Hi,I have a linear model with equation p = 5.1t - 28, where p is the number of breeding pairs of birds and t is the year. I need to use algebra to find the year in which the linear model predicts the breeding pairs will exceed 500.
Any help appreciated.
Solve the equation
5.1t - 28 = 500
5.1t = 472
t = 472/5.1 = ___ years
Looks like a long wait.
I am assuming that "year zero" is the year when p = 28, and the counting starts. It is not 1 AD
Si, I'm assuming you meant the number of years it takes for the breeding pairs to exceed 500
P = 5.1t -28 = 500 Solve for t:
t = 528 / 5.1 = 103.5 or 104 yrs..
Yes. I agree with your answer.
Thanks
Sure, I can help you with that!
To find the year in which the linear model predicts the breeding pairs will exceed 500, we need to solve the equation when p is greater than 500.
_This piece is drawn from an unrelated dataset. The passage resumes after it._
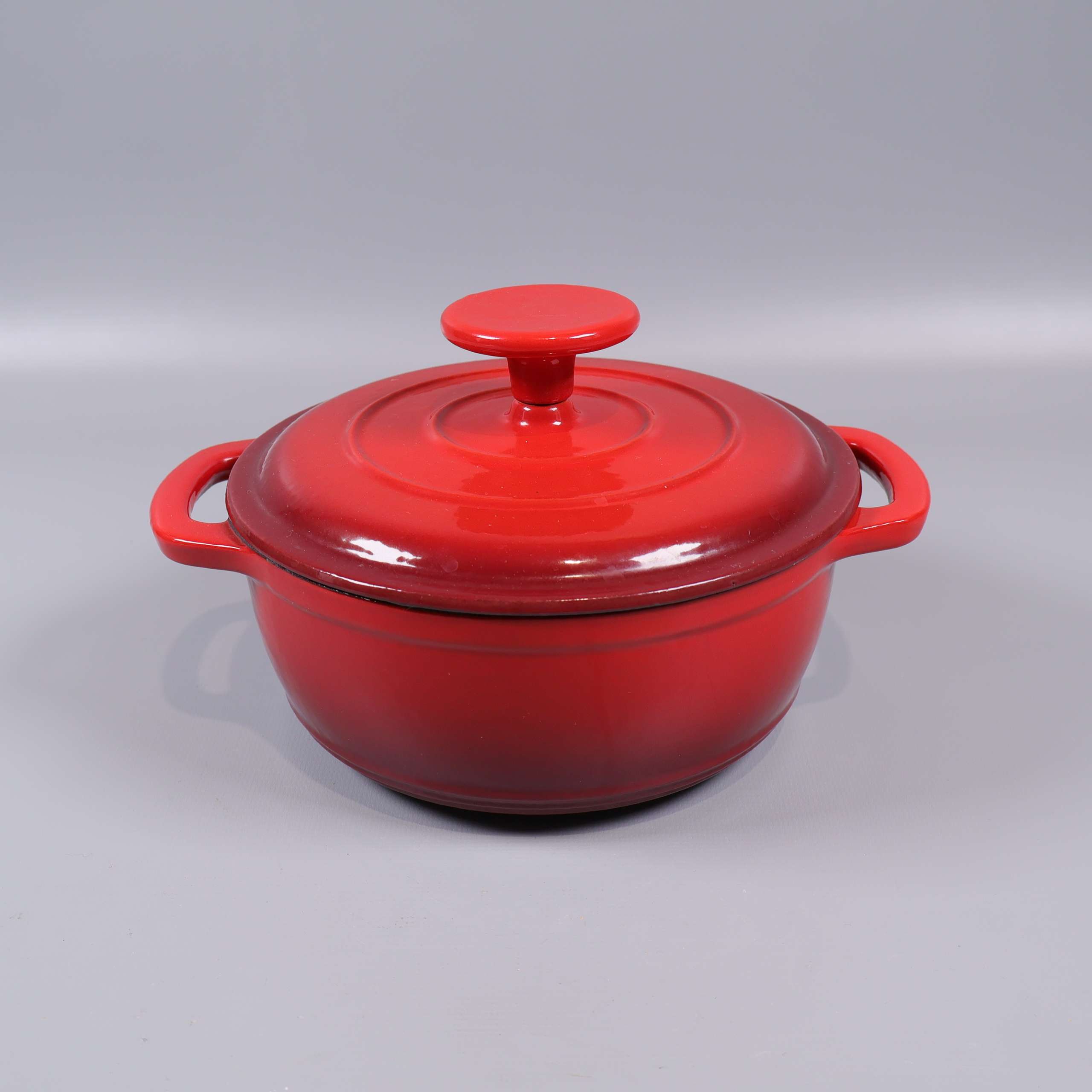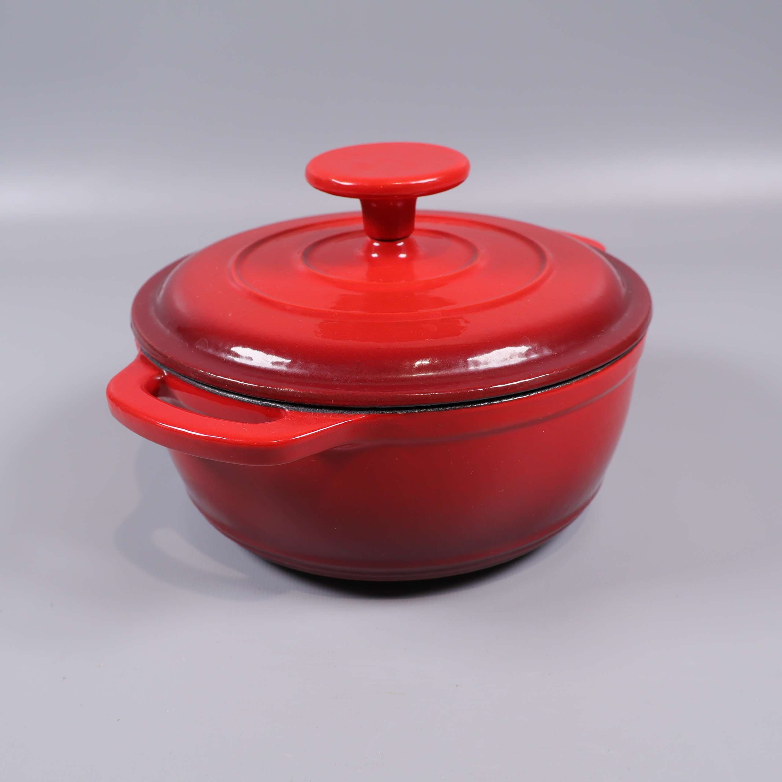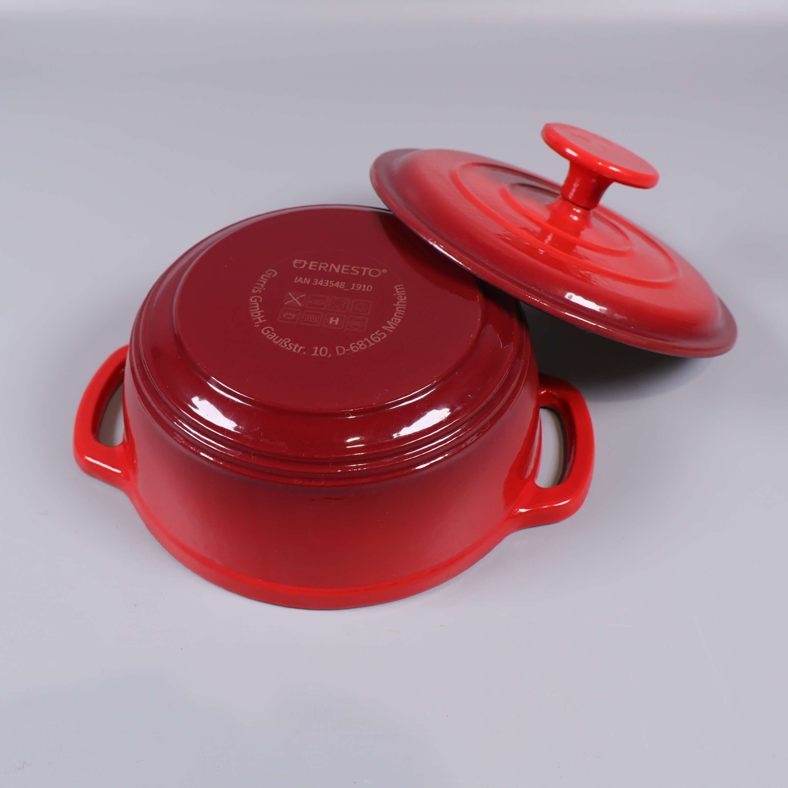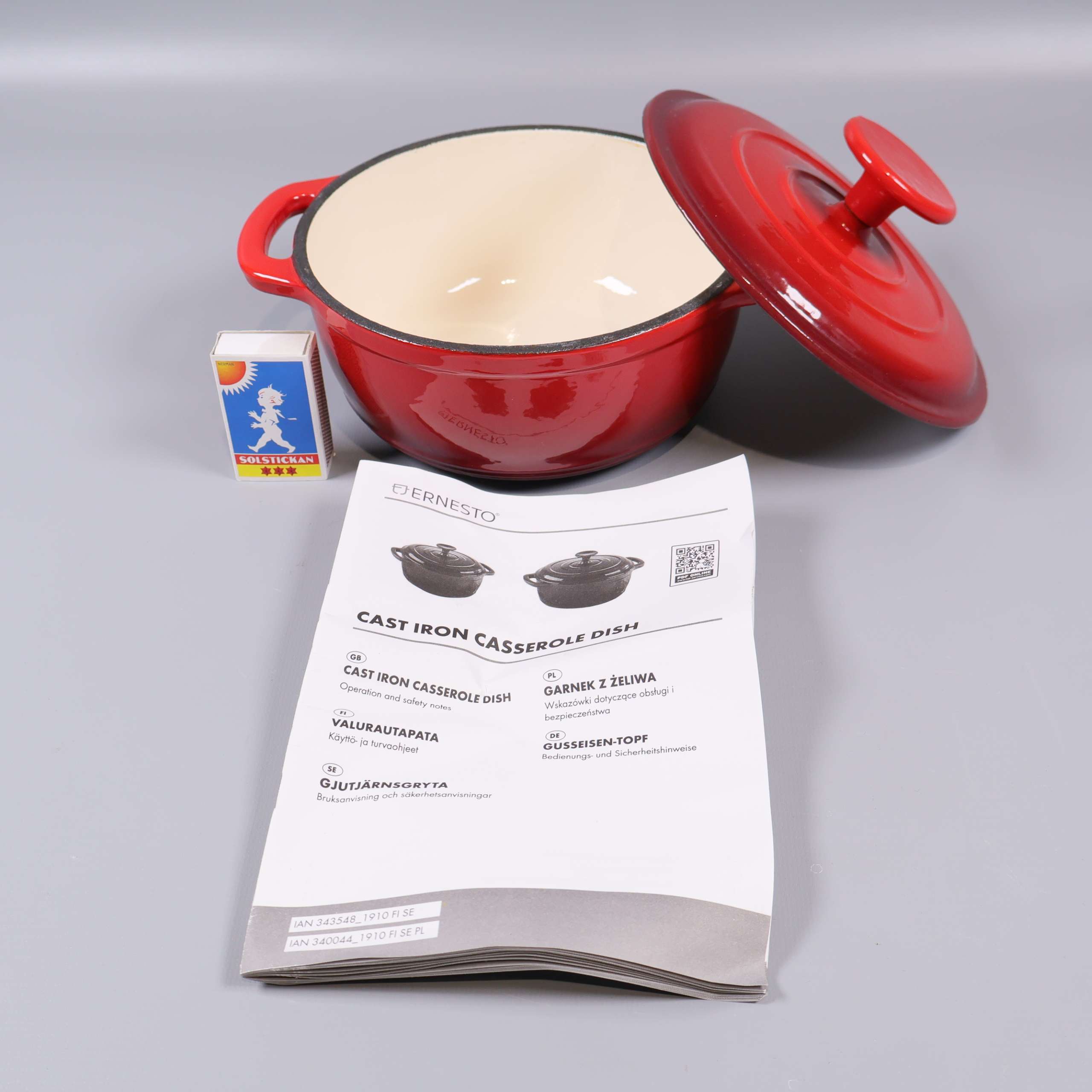 Ernesto Ernesto - Gjutjärn gryta med lock 169 kr Product variation Antal st Beskrivning En charmig rund gryta i kraftigt utförande med blank röd utsida och cremevit insida. Praktiska handtag på sidorna och ett matchande lock ger en stabil och stilren känsla till köket. Visa all beskrivning Skick Gott skick Produkten har använts men är av fin kvalitet, det kan förekomma mindre förslitningar. Läs mer om hur vi bedömer Dimensions Höjd: ca 14cm (inklusive lock), Bredd: ca 22cm, Diameter: ca 17cm Färg Röd Material Gjutjärn Varumärke Ernesto Produkten är unik och finns enbart som 1 st i lager. Fri frakt på alla köp över 990 kr. 14 dagars ångerrät.

The equation for your linear model is:
p = 5.1t - 28
We want to find the value of t (year) when p (breeding pairs) exceeds 500. So we can rewrite the equation as:
5.1t - 28 > 500
Now, let's solve for t.
Add 28 to both sides of the inequality:
5.1t - 28 + 28 > 500 + 28
Simplifying:
5.1t > 528
Next, divide both sides of the inequality by 5.1 to isolate t:
(5.1t) / 5.1 > 528 / 5.1
Simplifying:
t > 103.529
Therefore, according to the linear model, the breeding pairs will exceed 500 in the year after 103.529 or approximately 104.
Please note that in this type of model, you can only have whole number values for t (since it represents years). In this case, the year in which the breeding pairs will exceed 500 will be 104.
I hope this explanation was helpful! Let me know if you have any further questions.